Comparative religion is a formal field taught at some universities. Wikipedia, in its arrogant whiteboy Anglo way, says you can do many kinds of upper class things with it but not be clergy of any religion. Fat lot they know. Theism is their only key and criterion. Indigenous religion doesn’t exist to them — only the institutions that have gotten big enough to have a political impact. The anti-institutional Jesus gets lost under Paul’s letters about how to be important and big and more like the Romans.
Comparative culture goes on all the time and many address it, though it has a tendency to become psychology, going on about narcissism and depression, and only recently coming to things that were always considered to be anthropology as invented to cope with the news that if one left England for other continents, people there were different. Their religions were so different it was hard to tell that’s what they were.

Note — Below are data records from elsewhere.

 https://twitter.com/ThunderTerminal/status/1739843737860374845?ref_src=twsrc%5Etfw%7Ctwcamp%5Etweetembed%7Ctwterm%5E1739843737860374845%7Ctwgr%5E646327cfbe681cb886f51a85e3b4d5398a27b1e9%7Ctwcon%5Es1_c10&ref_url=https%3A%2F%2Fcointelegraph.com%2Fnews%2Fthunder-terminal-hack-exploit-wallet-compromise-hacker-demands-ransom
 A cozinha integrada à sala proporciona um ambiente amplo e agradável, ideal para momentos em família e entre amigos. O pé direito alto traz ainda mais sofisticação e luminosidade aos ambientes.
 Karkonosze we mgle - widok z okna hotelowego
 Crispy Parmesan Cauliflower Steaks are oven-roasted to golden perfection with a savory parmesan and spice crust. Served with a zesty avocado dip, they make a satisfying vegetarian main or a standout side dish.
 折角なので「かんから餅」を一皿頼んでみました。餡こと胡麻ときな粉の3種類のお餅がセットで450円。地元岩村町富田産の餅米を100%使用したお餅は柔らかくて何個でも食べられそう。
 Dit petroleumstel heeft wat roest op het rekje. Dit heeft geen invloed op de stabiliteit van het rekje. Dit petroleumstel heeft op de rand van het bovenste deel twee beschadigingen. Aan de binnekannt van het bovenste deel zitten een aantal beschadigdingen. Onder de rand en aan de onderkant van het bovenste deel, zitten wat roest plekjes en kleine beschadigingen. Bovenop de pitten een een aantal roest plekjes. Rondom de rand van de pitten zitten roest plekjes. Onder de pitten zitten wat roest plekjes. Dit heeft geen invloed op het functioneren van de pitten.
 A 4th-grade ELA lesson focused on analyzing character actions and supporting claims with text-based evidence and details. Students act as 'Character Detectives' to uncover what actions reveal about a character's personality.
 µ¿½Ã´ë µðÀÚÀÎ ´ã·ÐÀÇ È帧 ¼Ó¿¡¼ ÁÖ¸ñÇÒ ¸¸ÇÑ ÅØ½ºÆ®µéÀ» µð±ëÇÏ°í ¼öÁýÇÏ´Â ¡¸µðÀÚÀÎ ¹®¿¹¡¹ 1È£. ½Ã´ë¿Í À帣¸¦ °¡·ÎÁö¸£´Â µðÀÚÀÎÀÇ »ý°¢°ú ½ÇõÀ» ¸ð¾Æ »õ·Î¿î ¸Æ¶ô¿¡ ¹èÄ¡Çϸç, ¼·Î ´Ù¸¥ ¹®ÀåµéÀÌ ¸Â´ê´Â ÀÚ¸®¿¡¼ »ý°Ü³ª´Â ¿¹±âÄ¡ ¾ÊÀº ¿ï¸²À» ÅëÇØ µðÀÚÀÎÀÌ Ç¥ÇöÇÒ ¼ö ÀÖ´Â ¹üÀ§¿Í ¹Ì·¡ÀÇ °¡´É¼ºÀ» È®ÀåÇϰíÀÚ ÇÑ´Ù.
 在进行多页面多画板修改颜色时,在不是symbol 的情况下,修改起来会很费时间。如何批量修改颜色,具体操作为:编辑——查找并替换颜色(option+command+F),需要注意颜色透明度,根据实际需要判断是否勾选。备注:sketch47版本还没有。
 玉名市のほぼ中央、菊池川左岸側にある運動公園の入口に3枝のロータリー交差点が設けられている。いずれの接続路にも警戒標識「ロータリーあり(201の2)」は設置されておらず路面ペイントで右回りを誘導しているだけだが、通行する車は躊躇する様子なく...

Cultures are a version of “race” which is a made-up category to explain a concentration of people pretty much alike at the center but thinning out towards the edges where they could claim the center or not. My current reading book “The Great Human Diasporas” is interested in tracing the clusters and evolutions of genomes — not appearances though those result -- but the actual bioelectrochemical formulas of people, overlain and compared to linguistic “trees” and anecdotes of history to explain them. Generally, they all fit together with no reference to religion, but if religion were included, the pattern wouldn’t be that different.
Though people unconsciously form a kind of personal belief system, which scientists now suggest is formed in the first years of life and is actually a physical structure in the brain, there is also a shared social system of the best way to conduct one’s life in a specific time and place, in what we now call an “ecology” meaning how things fit together to benefit each other. If one is raised in one weather and political climate and then goes to another, there can be difficulties. Even specifically Christian denominations are each different transplanted ecologies in response to different influences, usually socioeconomic but possibly ethnic, from another time and place.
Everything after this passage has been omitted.